Ginny blinked, stunned by the response. Her quill hovered.

Really? You think she is great too?

[Of course.]

Suppressing a violent wave of disgust that threatened to curdle his very soul, Tom forced his handwriting to remain smooth and elegant.

[She must be an incredibly charming person to inspire such loyalty in you. Actually, I was once a Slytherin prefect myself, and I always took great pleasure in guiding promising juniors.]

[Since you cannot see her right now, why not treat me as your confidant?]

[You can tell me all the things you do not dare to say to her. Practice the words you wish to share. I will listen to you exactly as she does.... I can teach you how to become just as outstanding as she is, so that one day, you will be truly qualified to stand proudly by her side.]

Ginny stared at the looping letters, her brown eyes slowly lighting up in the dim wand-light.

Tom was actually willing to help her! And the way he spoke—so patient, so understanding—it sounded exactly like Tamara! It was as if she had stumbled upon a male version of her beloved older sister trapped inside a book.

Thank you, Tom! You are truly too kind! Ginny wrote, her heart swelling with deep gratitude. In that single moment, the last crumbling walls of her mental defenses collapsed entirely.

Actually, so much happened today. Harry and Ron came to school in a flying car...

Watching the frantic, dense outpourings of ink flood his pages, Tom Riddle let out a cold, silent breath of relief.

Excellent.

Although the insufferable girl was still prattling on about that annoying Tamara and the frankly baffling existence of a flying Potter, it no longer mattered. The vessel had returned to his absolute control. As long as she kept writing, as long as she kept bleeding her pathetic little emotions onto his pages, her life force would continue to siphon directly into his starving soul.

Meanwhile, miles below the Gryffindor dormitories, deep within the subterranean chill of the Slytherin dungeons.

Tamara lay perfectly still beneath her emerald-green silk sheets. Her eyes snapped open in the dark. A faint, deeply familiar ripple of magic had just brushed against her consciousness.

It was the unmistakable resonance of her own soul fragment.

Yet, as she focused on the sensation, her brow furrowed slightly. The magical signature wasn't violent, aggressive, or seething with the dark malice she had expected from her teenage self. On the contrary, the frequency felt strangely... accommodating? Humble, even?

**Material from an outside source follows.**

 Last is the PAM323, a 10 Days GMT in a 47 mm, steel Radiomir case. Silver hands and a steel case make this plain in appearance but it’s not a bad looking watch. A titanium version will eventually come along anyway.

Tamara closed her eyes, extending her magical senses outward, tracing the invisible tether that connected her to the diary. A picture began to form in her mind. She could actually feel the sheer, agonizing effort the sixteen-year-old Tom Riddle was exerting to suppress his monumental pride. The arrogant Heir of Slytherin was currently walking on eggshells, cautiously pandering to the emotional whims of a prepubescent, red-haired Gryffindor.

More than that, she realized with a jolt of pure amusement, he was actively imitating her. He was mimicking the sickeningly sweet, gentle persona she had been forced to adopt.

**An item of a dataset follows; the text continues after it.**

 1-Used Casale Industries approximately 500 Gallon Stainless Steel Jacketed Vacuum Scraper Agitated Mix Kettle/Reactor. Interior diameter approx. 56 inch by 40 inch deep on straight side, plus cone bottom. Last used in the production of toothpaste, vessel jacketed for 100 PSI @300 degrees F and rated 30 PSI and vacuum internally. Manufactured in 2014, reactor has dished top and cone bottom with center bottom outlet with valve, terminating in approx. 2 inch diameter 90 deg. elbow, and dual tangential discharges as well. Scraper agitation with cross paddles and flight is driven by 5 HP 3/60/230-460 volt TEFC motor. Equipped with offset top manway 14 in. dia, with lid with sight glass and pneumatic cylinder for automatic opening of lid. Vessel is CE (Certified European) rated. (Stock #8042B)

Imitating myself, Tamara thought, the sheer absurdity of the situation nearly making her laugh out loud.

"Well," she murmured into the quiet of her dormitory, a contemptuous, lazy smile curling the corners of her lips. "If my arrogant past self is so eager to act as my stand-in, handling all that exhausting emotional baggage for me, who am I to stop him? It certainly saves me the headache."

Her smile sharpened, turning predatory in the gloom.

Play your role well, Tom, she thought, her inner voice dripping with dark, mocking anticipation. Play the good little mentor. Keep her busy until the day I decide to devour you and take back what is mine—with interest.

Tamara rolled over, pulling the thick covers up to her chin. Surrounded by the damp, freezing darkness of the dungeons—a coldness that made her feel utterly, perfectly at home—she closed her eyes and drifted into a deep, dreamless sleep, her conscience entirely, blissfully clear.